[Work to be completed] What should be copied is the stretch of entries below from the line with "Peña Er Salero." up to and including the line with "有料レストラン CASANOVA 特別なワンランク上のレストランで、", exactly and without images.

[Excerpted data]
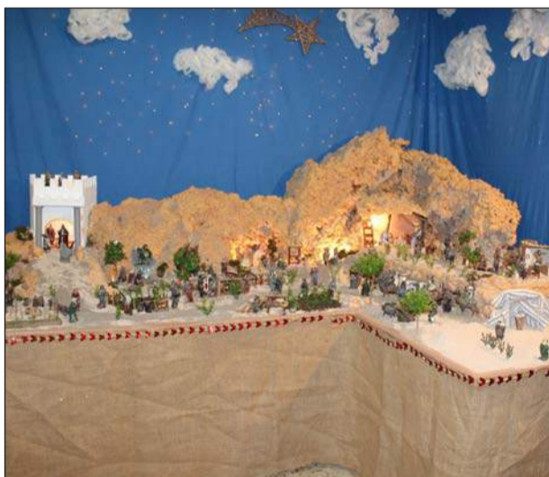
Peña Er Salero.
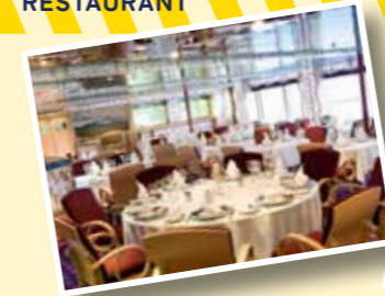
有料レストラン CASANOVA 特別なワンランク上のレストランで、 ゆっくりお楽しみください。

* * *

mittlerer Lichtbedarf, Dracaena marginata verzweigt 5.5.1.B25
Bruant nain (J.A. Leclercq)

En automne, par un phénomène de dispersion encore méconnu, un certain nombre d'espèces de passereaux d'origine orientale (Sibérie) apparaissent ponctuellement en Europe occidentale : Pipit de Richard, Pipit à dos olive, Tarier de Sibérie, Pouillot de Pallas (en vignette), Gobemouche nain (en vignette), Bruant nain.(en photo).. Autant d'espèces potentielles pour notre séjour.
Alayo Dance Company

* * *

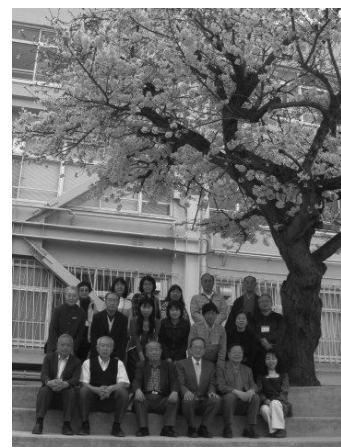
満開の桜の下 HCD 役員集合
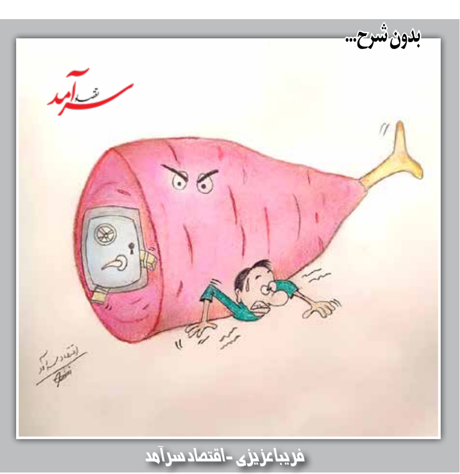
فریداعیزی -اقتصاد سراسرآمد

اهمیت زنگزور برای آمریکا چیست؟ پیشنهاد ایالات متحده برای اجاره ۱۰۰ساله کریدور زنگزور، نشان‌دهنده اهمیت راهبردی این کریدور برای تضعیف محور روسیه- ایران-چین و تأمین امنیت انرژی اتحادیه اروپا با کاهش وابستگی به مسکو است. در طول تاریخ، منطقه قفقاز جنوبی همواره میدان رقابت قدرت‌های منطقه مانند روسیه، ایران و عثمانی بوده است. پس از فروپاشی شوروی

[Solution to the problem]
Peña Er Salero.
有料レストラン CASANOVA 特別なワンランク上のレストランで、 ゆっくりお楽しみください。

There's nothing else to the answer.